Exclude the pictures, then repeat exactly each line from the one containing "A recepção estava" to the final line of the records that follow.
=== DATA IN THIS EXERCISE ===
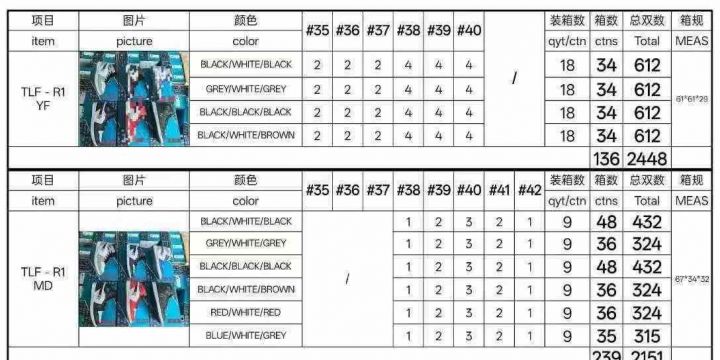 原单 4000双 35-40 配码***** 38-42 配码1232...
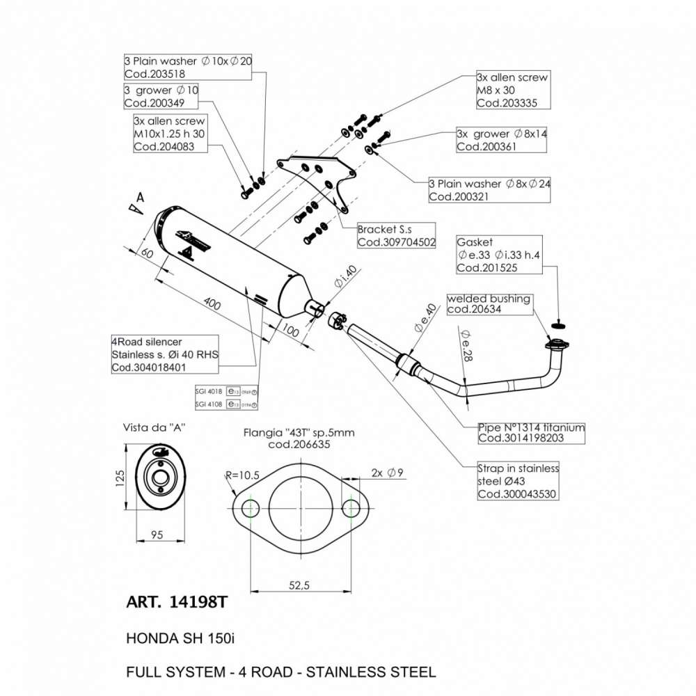 4ROAD TITANIUM HEADER for HONDA SH 150i 2017 - 2020
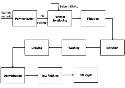 The most common form of PBI used in industry is the fiber form. The fiber process following polymerization is shown in the figure. The polymer is made into solution using dimethylacetamide as solvent. The solution is filtered and converted into fiber using a high temperature dry-spinning process. The fiber is subsequently drawn at elevated temperature to get desired mechanical properties. It is then sulfonated and made into staple using conventional crimping and cutting techniques.
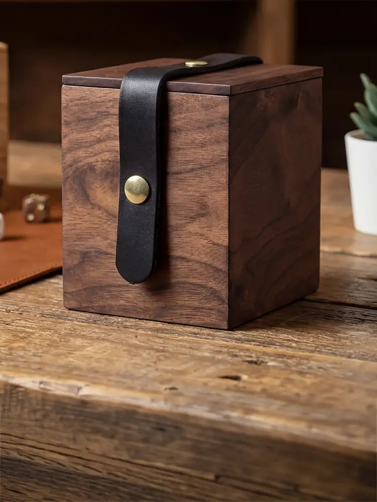 Every box is cut, finished, and inspected in my shop before it ships to you. Solid American hardwood, latigo leather from a multi-generational US tannery, and brass hardware that won't strip or snap is what makes this box exceptional.
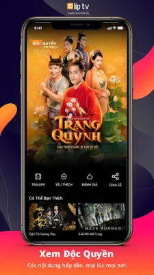 Ứng dụng Clip TV Truyền hình internet – Xem truyền hình trực tuyến đa nền tảng, với hàng ngàn nội dung truyền hình, phim truyện và các chương trình giải trí hấp dẫn 100% bản quyền. Thiết kế hiện đại, giao diện thân thiện, dễ sử dụng, tốc độ nhanh và ổn định, chất lượng chuẩn HD được tối ưu cho các dòng điện thoại thông minh để có được trải nghiệm tốt nhất nhất. Bạn chưa là thành viên? Hãy tải và tận hưởng 30 ngày trải nghiệm không giới hạn Clip TV ngay nhé!
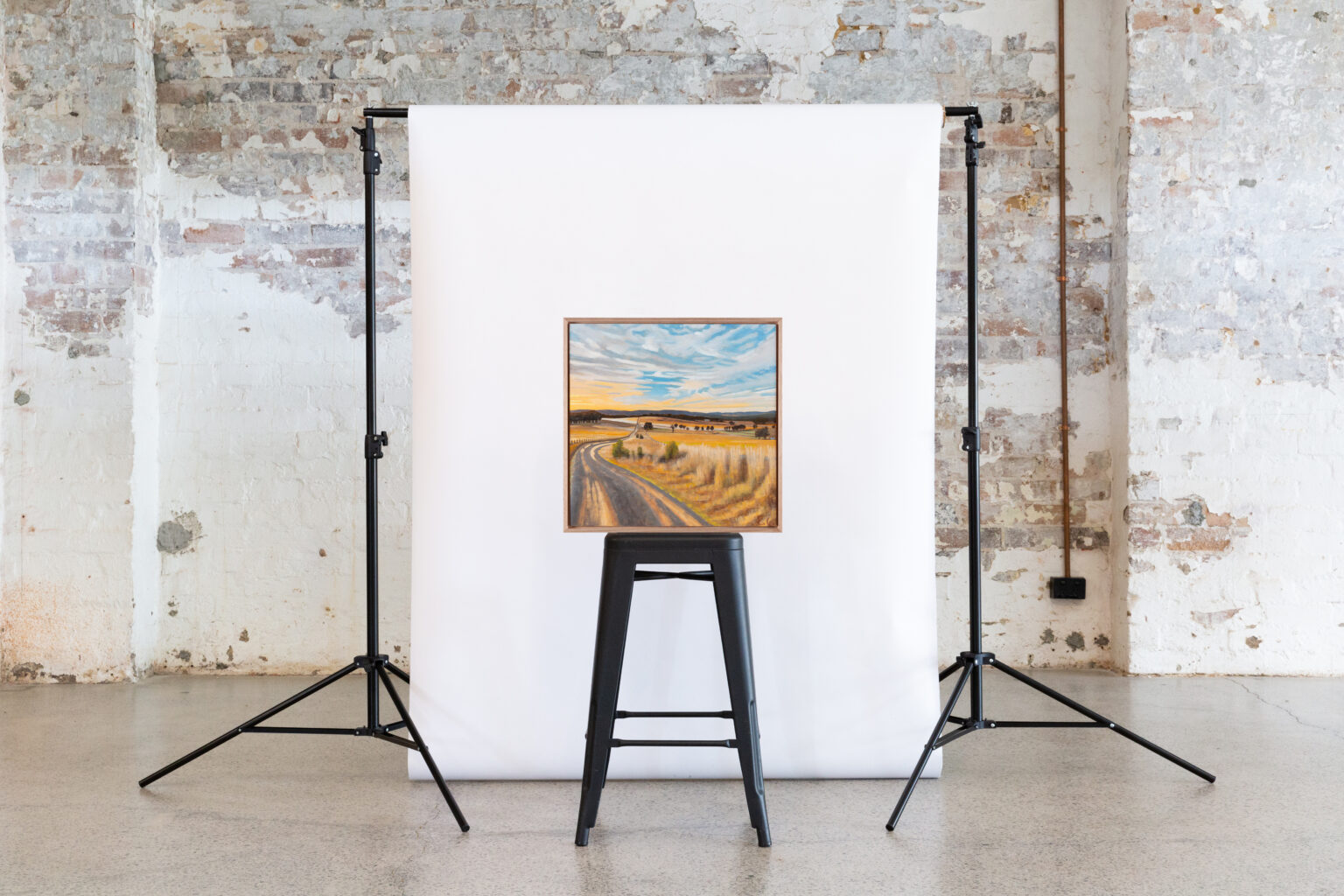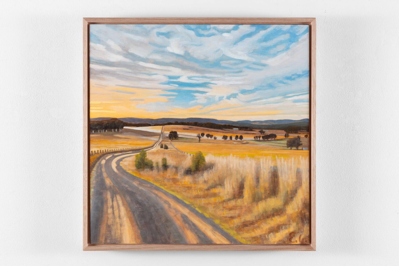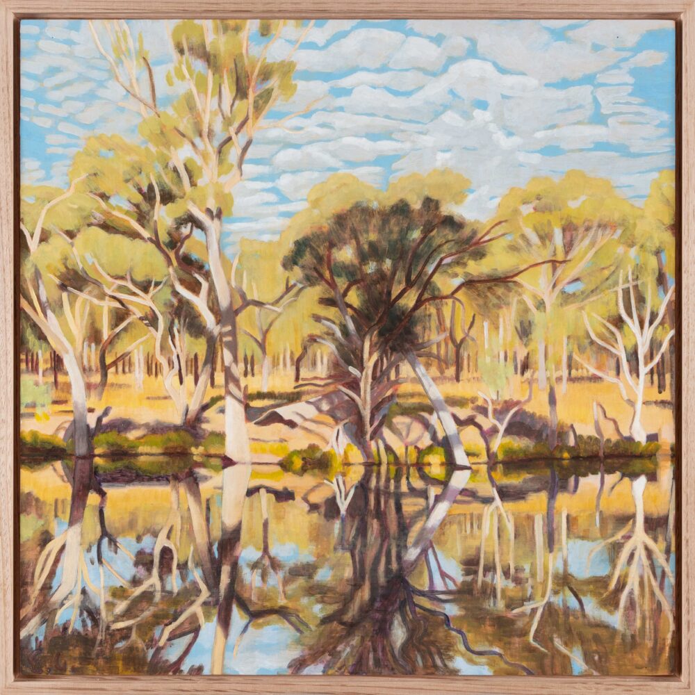 Gunning, NSW is a place of enduring personal significance for Emily Gordon. She has travelled here with her family for many years, returning again and again to this gorgeous landscape. Across this small suite of works, Gordon charts the paddocks, tree lines, winding roads and bodies of water around Gunning with the same acuity she brings to urban facades. Eucalypts rise pale and rhythmic against broad skies; roads curve gently through dry grasslands; reflections double the world in still pools.
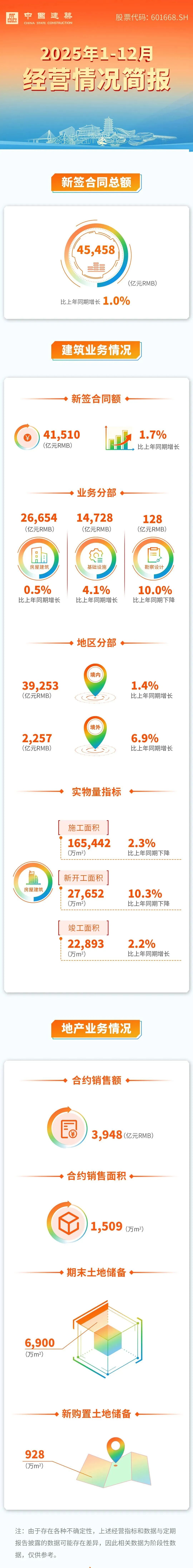 近日,中国建筑股份有限公司公布2025年1月至12月经营情况简报。2025年全年,中国建筑实现新签合同总额45458亿元,同比增长1.0%。具体数据如下:
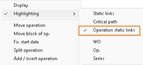 “Highlighting > Operation static links” highlights only the operations directly linked to the selected operation (whatever the links are originating from and arriving at the selected operation). This differs from “Highlighting > Static links” that propagates the highlight to the successors of the successors of the selected operation.
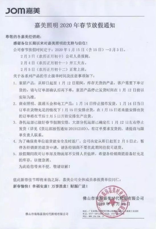 2019年12月18日,佛山市南海嘉美時代照明有限公司公布了《2020年春節(jié)放假通知》。通知顯示,嘉美照明春節(jié)放假時間定于2020年1月15日(含15日)—2020年2月3日。
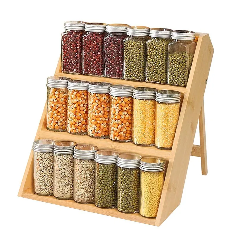 Home Bamboo And Wood Spice Countertop Storage Rack
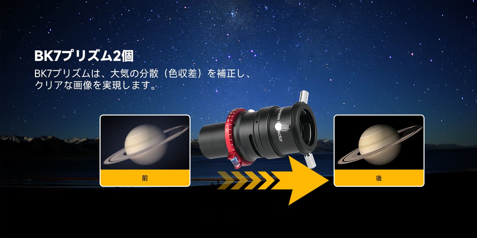 BK7プリズムが画像品質を向上。大気分散補正プリズムのBK7プリズムは優れた分散特性を示し、画像のぼやけや色の歪みを補正し、遠方の天体の画像品質を大幅に向上させます。
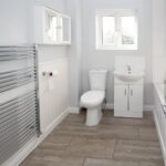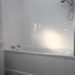 Family bathroom newly refited, tiled and panelled with white suite including vanity untit. Shower over bath .
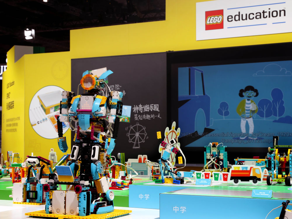 第四屆中國(guó)國(guó)際進(jìn)口博覽會(huì)樂高展臺(tái)(2021年11月5日攝)。新華社記者 劉穎 攝
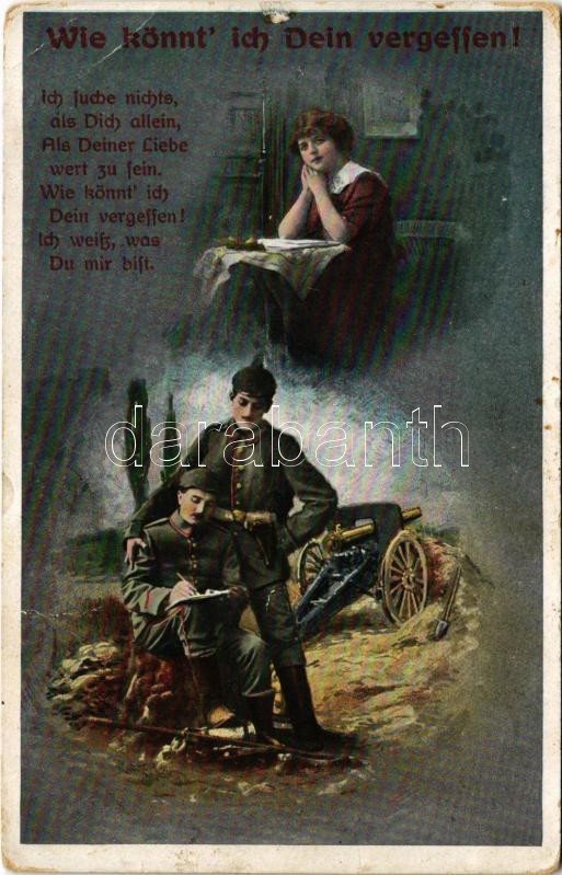 Leírás: 1915 Wie könnt' ich Dein vergessen! / WWI German military art postcard, romantic couple. L&P 5675. (EB)
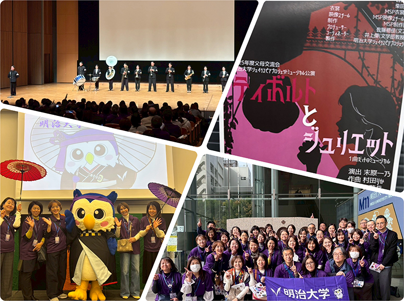 2025年11月23日、学生たちが通う駿河台キャンパスにて「第21回 明治大学父母交流会」が開催されました。サークルによる演奏やパフォーマンスを鑑賞しながら、父母の皆さま同士で交流を深めていただくイベントです。
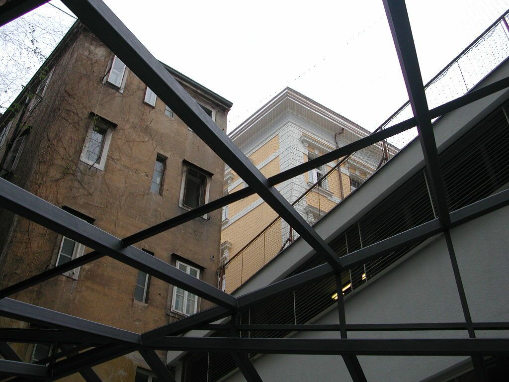 U sklopu Grand hotela "Bonavia" u Rijeci pristupilo se proširenju postojećeg hotelskog restorana natkrivanjem otvorenog atrija gradskog bloka koji je omeđen zgradama hotelskog kompleksa i školskim dvorištem obližnje gimnazije. Tijekom dugog vremenskog postojanja u kontinuitetu od XIX. stoljeća do danas unutrašnjost bloka je stihijski dograđivana, tako da je otvoreni blokovski prostor postao znatno smanjen i prostorno degradiran do manjeg, nepravilnog atrija trapeznog tlocrta i dijela koji je natkriven jednom od hotelskih zgrada. Projektom uređenja unutrašnjost bloka nadopunjuje se novim sadržajem vrtnog restauranta uz interpolaciju providnog, staklenog krova specifičnog oblika. Krovne plohe predstavljaju dinamičnu prostorno-likovnu igru i sastoje se od dva nepravilna kosa trokuta s dijagonalnim presjecištem. Koncepcijom se nastoji zadržati prostorni karakter zatečene nepravilne unutrašnjosti bloka, te omogućiti posjetiteljima novog restorana zanimljiv pogled prema pročeljima građevina koje oblikuju nutrinu gradskog bloka.
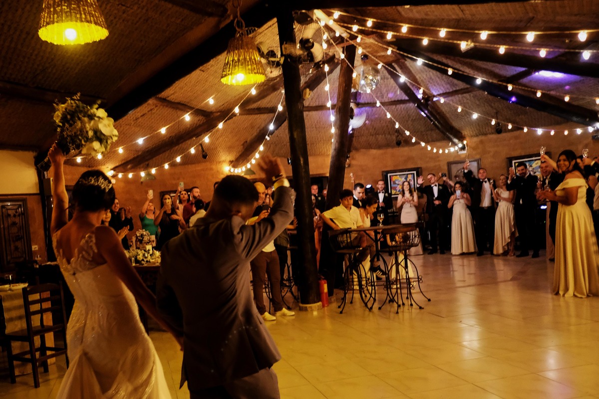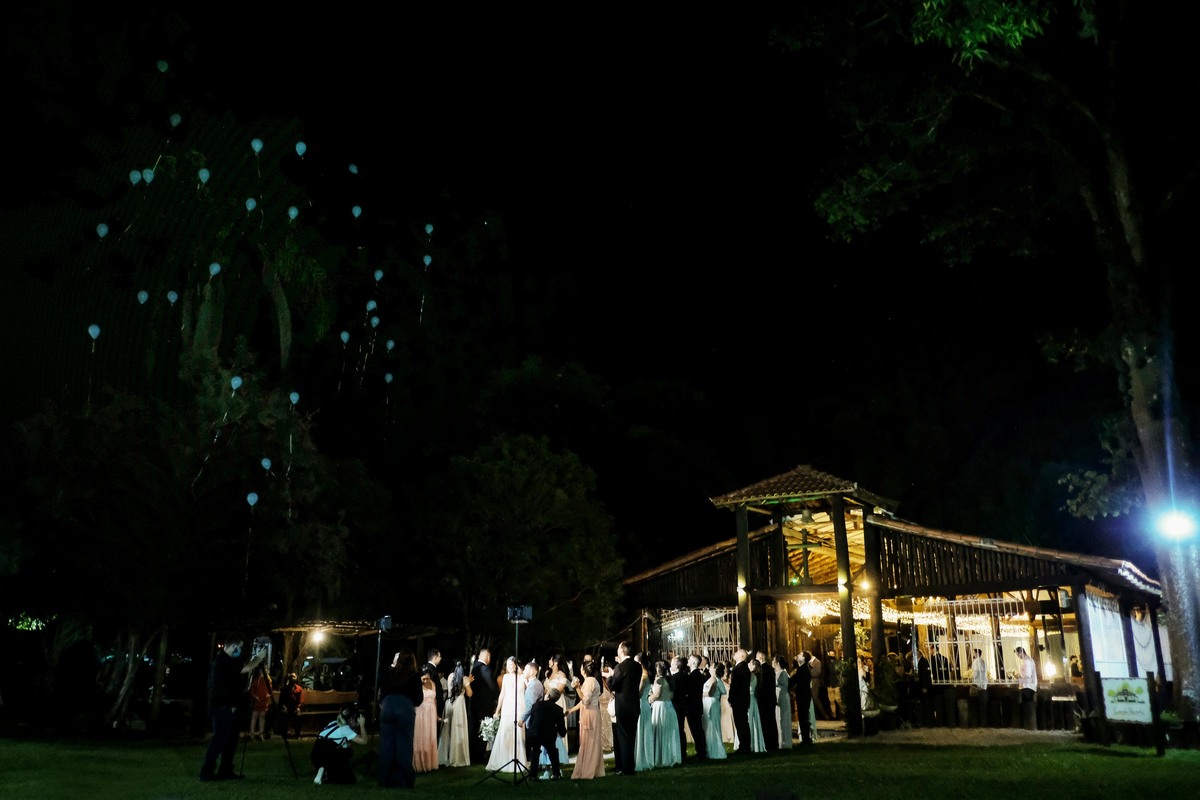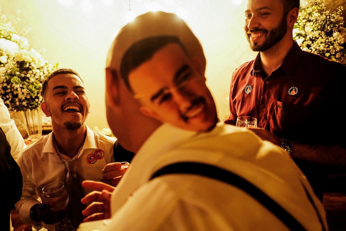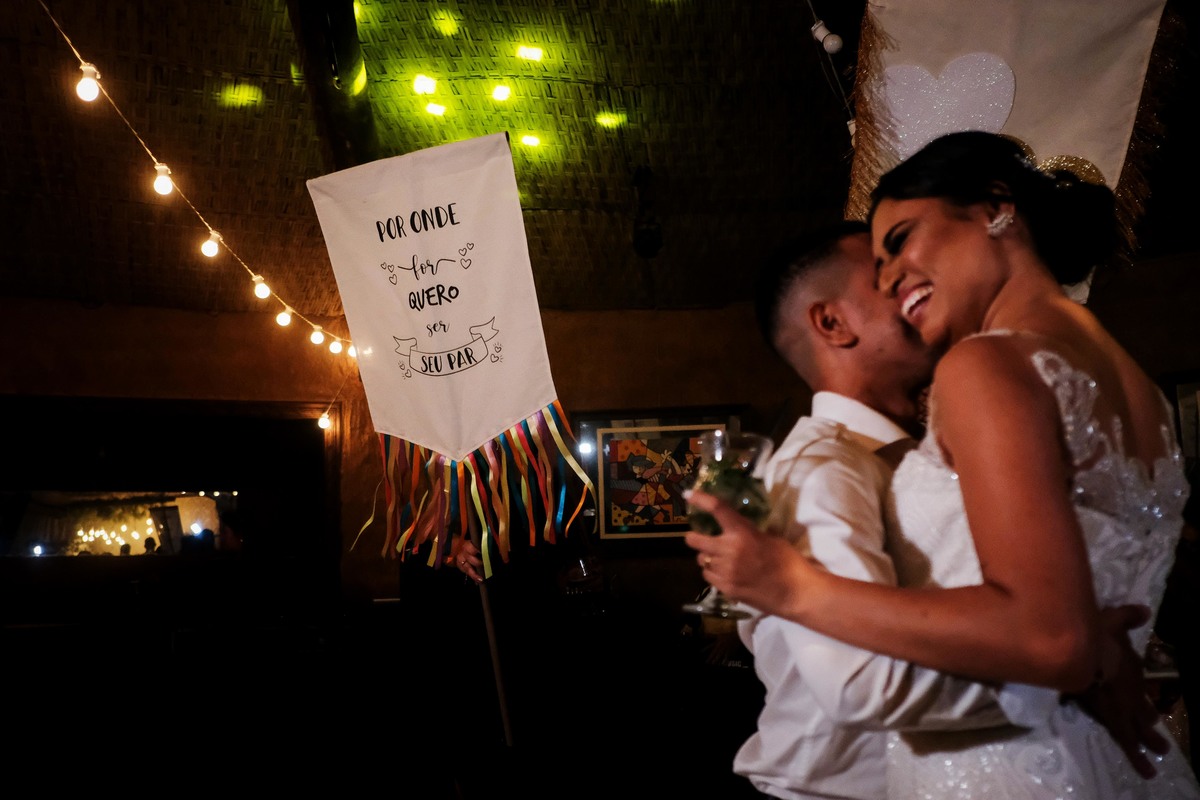 A recepção estava incrível, com o teto de luzinhas deixando a salão do Recanto Vip ainda mais lindo.
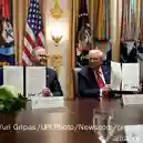 Trump was hosting Albanese Monday morning at the White House and the leaders signed the document before the media.
===
§ COMPLETED TASK
 A recepção estava incrível, com o teto de luzinhas deixando a salão do Recanto Vip ainda mais lindo.
 Trump was hosting Albanese Monday morning at the White House and the leaders signed the document before the media.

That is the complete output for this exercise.